# Data below
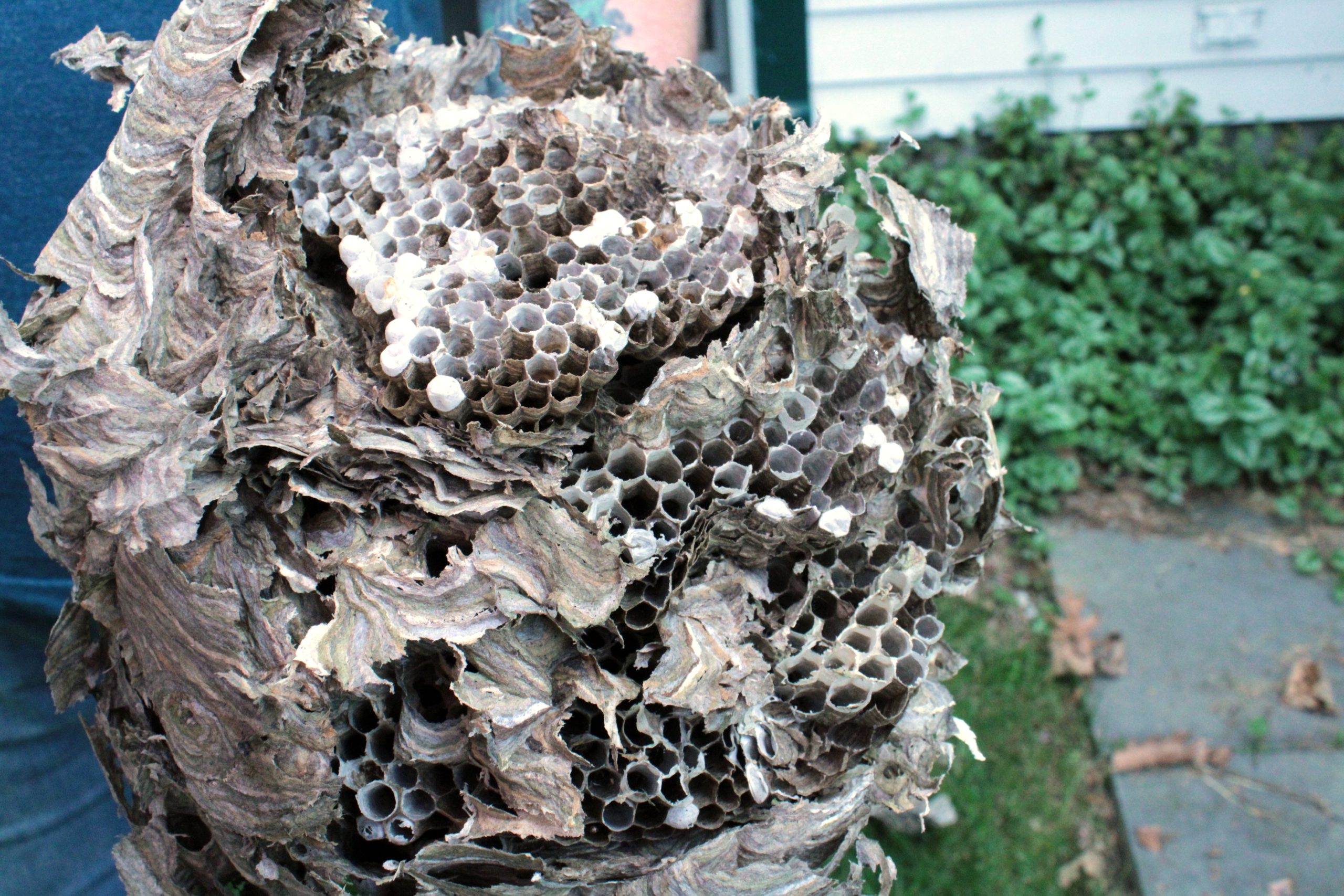 It was beautiful. The layers of the paper they created remind me of the stripes in rock faces millions of years old. The hive looked like it was carefully painted with watercolors in a subdued palette of the earth’s hard shells like a John James Audubon painting of an egret on an eastern shoreline. I don’t know what the heck settings I had my camera on because all those pictures came out with a blue overtone. Despite the hive’s natural beauty, I still didn’t want it on the house. It went into one of the many mulch piles.
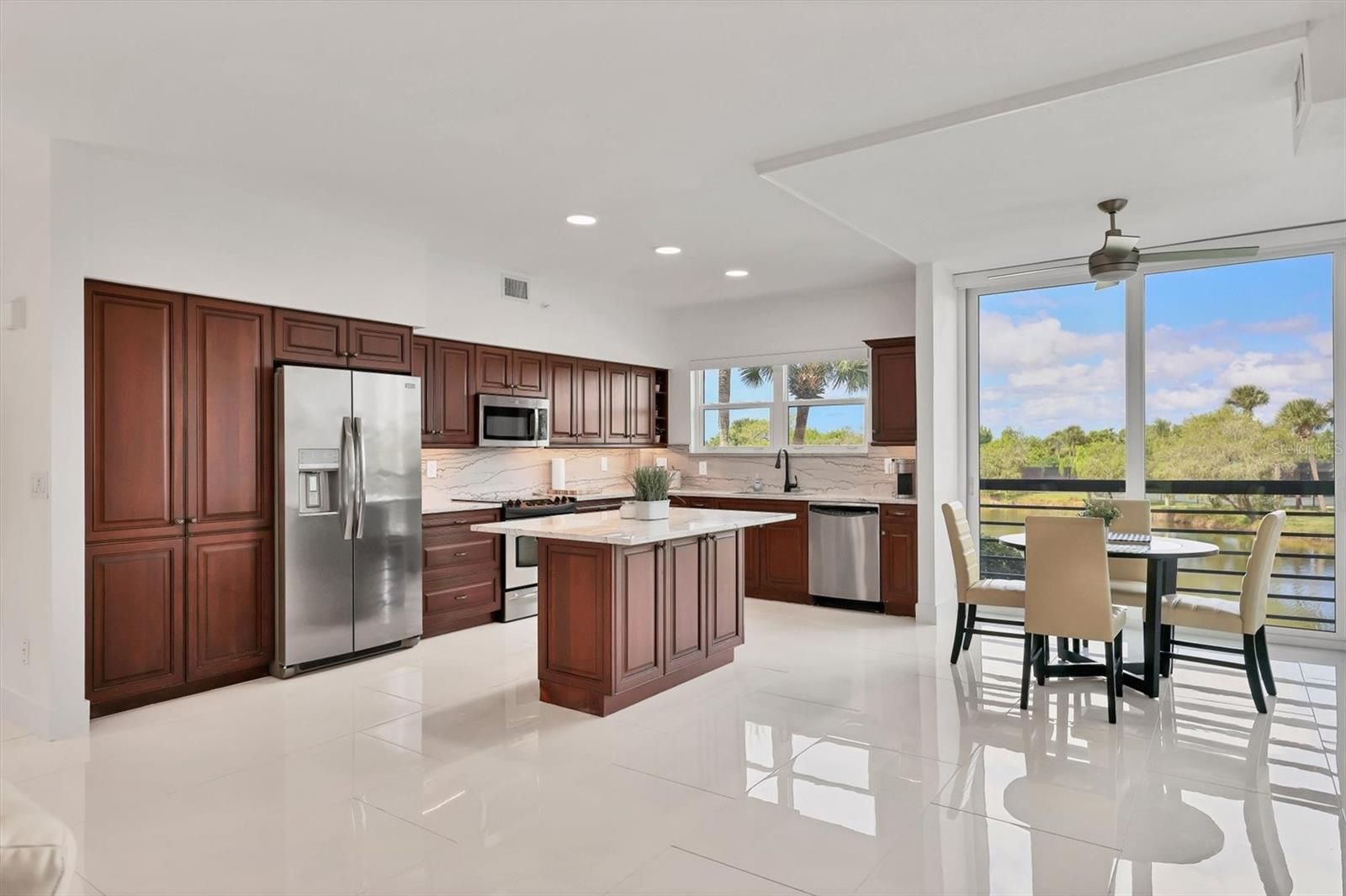 Just Move In... Beautifully updated condo with amazing Views located just a minutes From Siesta Key Beach and Downtown Sarasota. Totally remodeled condo with Impact Hurricane windows and doors, all new kitchen featuring solid wood Cabinets, granite countertops and backsplash, with center island and Stainless steel appliances . Large Master suite with his and her walk-in closets ensuite master bathroom with dual sinks and massive walk-in shower. All new luxury Vinyl and porcelain flooring throughout the unit. New Hvac system 2022, Private Laundry room, Open floor plan with massive living room and dining are overlooking lake and water fountain. Private under building covered parking. The Landing is a well Maintained active community with 24 hour guard gated West of the trail featuring acres of Lush Landscaping , nature trail leading to gazebo overlooking the Intercostal waterway , fishing pier and Kayak launch. Your purchase includes membership to the Landings Racquet Club with Olympic -sized heated pool, Hot tub , Eight Har-tru tennis courts, Fitness center , Library with kitchen and on site tennis Pro shop. Seller will consider selling the condominium fully furnished on a separate sale bill. A Great Place To call Home.
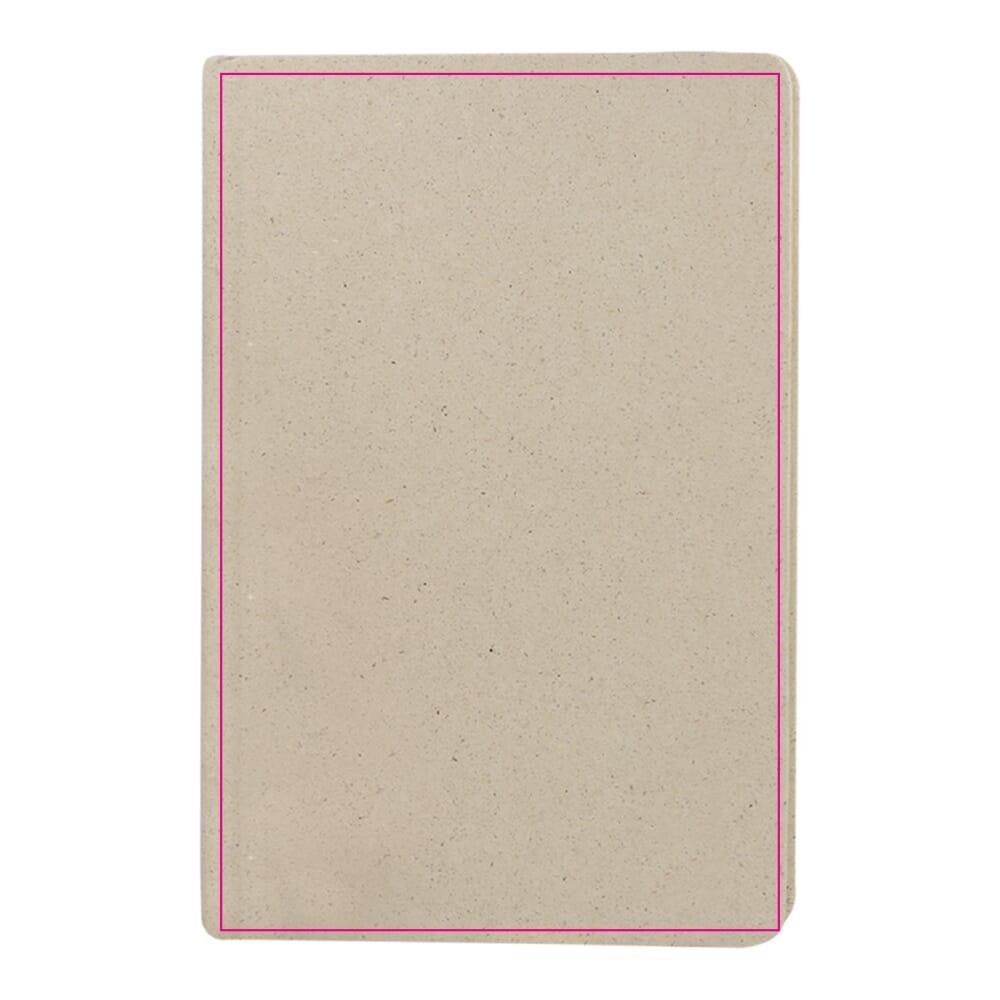 Dieses nachhaltige A5-Notizbuch hat einen Einband aus Grasfragmentpapier. Es enthält 80 Blatt FSC 70g/m² liniertes Papier, einen Gummibandverschluss und ein Lesezeichen mit Band.

# Task to carry out
Write out all the data exactly, minus pictures.

# Reply to the exercise
 It was beautiful. The layers of the paper they created remind me of the stripes in rock faces millions of years old. The hive looked like it was carefully painted with watercolors in a subdued palette of the earth’s hard shells like a John James Audubon painting of an egret on an eastern shoreline. I don’t know what the heck settings I had my camera on because all those pictures came out with a blue overtone. Despite the hive’s natural beauty, I still didn’t want it on the house. It went into one of the many mulch piles.
 Just Move In... Beautifully updated condo with amazing Views located just a minutes From Siesta Key Beach and Downtown Sarasota. Totally remodeled condo with Impact Hurricane windows and doors, all new kitchen featuring solid wood Cabinets, granite countertops and backsplash, with center island and Stainless steel appliances . Large Master suite with his and her walk-in closets ensuite master bathroom with dual sinks and massive walk-in shower. All new luxury Vinyl and porcelain flooring throughout the unit. New Hvac system 2022, Private Laundry room, Open floor plan with massive living room and dining are overlooking lake and water fountain. Private under building covered parking. The Landing is a well Maintained active community with 24 hour guard gated West of the trail featuring acres of Lush Landscaping , nature trail leading to gazebo overlooking the Intercostal waterway , fishing pier and Kayak launch. Your purchase includes membership to the Landings Racquet Club with Olympic -sized heated pool, Hot tub , Eight Har-tru tennis courts, Fitness center , Library with kitchen and on site tennis Pro shop. Seller will consider selling the condominium fully furnished on a separate sale bill. A Great Place To call Home.
 Dieses nachhaltige A5-Notizbuch hat einen Einband aus Grasfragmentpapier. Es enthält 80 Blatt FSC 70g/m² liniertes Papier, einen Gummibandverschluss und ein Lesezeichen mit Band.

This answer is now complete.